Les petits villages comme celui-ci ont beaucoup souffert, explique-t-il. Dans les villes, il y a des épiceries, les marchés sont ouverts. Mais ici, il n’y a rien.

D’un geste de la main, il montre ce qu'il reste de l’épicerie du village, détruite pendant la guerre. Personne ne vient ici, déplore-t-il. Et pour cause : si le village a été libéré par l’armée ukrainienne il y a quelques mois, les combats font encore rage 5 km plus à l’est, comme le rappelle le grondement sourd de l’artillerie à proximité.

Des bâtiments partiellement détruits.
À l'est d'Izioum, les villages ne sont plus qu'un chapelet de ruines.Photo : Radio-Canada / Jean-François Bélanger

À la fin de l’occupation, moi et mes amis étions convaincus qu’en l’espace d’un mois ou deux, la reconstruction commencerait et tout reviendrait rapidement à la normale, explique-t-il. Mais il s’est vite rendu compte qu’il n’en était rien et qu’une initiative populaire était nécessaire.

Les villages, les agriculteurs qui font pousser du grain pour faire du pain qui nourrit le peuple, sont le socle de notre pays, dit-il avec une touche de poésie dans la voix. Il est important de les aider actuellement, car ces villages sont aussi l’avenir de notre pays.

Tous les jours, Dmytro entreprend donc une tournée des localités situées tout le long de la ligne de front. À bord de son cher camion transpercé d’éclats d’obus, il parcourt les routes peu recommandables de la région pour répondre aux besoins des gens. Je les écoute, explique-t-il. Et j’essaie de me rendre utile. C’est ainsi qu’il a pris contact avec une ONG néerlandaise pour distribuer des vélos afin de combler les besoins en mobilité dans les villages.

À chaque arrêt, les villageois rassemblés l’attendent et il est accueilli comme le père Noël.
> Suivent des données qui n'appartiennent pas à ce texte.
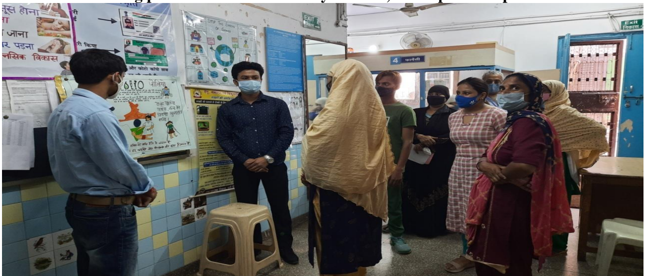
Health Talk to Patients on World Polio Day at CHD, St. Stephen Hospital
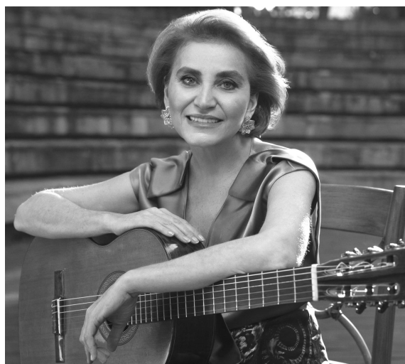
Berta Rojas on February 26

Il prend le temps de discuter avec eux, de prendre de leurs nouvelles, de blaguer aussi.

« Quand on arrive, partout où on voit l’horreur, la peur et la douleur, on essaie de changer ça pour des sourires. »
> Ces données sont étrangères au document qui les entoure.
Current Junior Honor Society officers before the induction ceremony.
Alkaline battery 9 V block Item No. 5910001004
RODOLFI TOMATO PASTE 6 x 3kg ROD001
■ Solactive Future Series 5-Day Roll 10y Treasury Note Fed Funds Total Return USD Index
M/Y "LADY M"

— Une citation de  Dmytro Artemov, travailleur humanitaire

C’est aussi pour cette raison que Dmytro s’est adjoint les services d’un clown venu d’Italie. Depuis quatre mois, Marco Rodari fait la tournée des villages pour se produire devant les enfants.

Avec son nez rouge et une casquette ornée d’une hélice bien plantée sur la tête, Pimpa le clown blague avec les enfants tout en faisant des tours de magie devant un auditoire conquis. Pour un clown, il n’y a rien de plus génial que de faire rire des enfants, confie-t-il.
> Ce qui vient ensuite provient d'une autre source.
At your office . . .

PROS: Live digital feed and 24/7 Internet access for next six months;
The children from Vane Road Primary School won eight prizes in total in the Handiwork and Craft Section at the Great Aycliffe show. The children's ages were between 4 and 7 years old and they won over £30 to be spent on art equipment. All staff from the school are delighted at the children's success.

Il invite une gamine à souffler sur une corde qui, aussitôt, se raidit et défie la gravité. Dans le sous-sol qui servait autrefois d’abri, le silence est total. Les enfants sont bouche bée.

« Ce qui est le plus important pour moi, c’est de susciter l’émerveillement. Quand ça se produit, pendant une demi-heure, les enfants oublient la guerre. »

— Une citation de  Marco Rodari, alias Pimpa le clown

À la fin du spectacle, les enfants se mettent spontanément à rire et à danser lorsque Pimpa pointe vers eux des canons qui les aspergent de milliers de bulles de savon. Pour faire durer ce moment de distraction, le clown distribue des cadeaux à chacun d’eux. Ce sont des jeux et des jouets pour tromper l’ennui.

L’initiative de Dmytro est entièrement financée par des dons populaires. À ses yeux, il s’agit non pas de charité mais plutôt d’un investissement dans l’avenir de l’Ukraine. Pour cultiver l’espoir dans un pays qui en a bien besoin.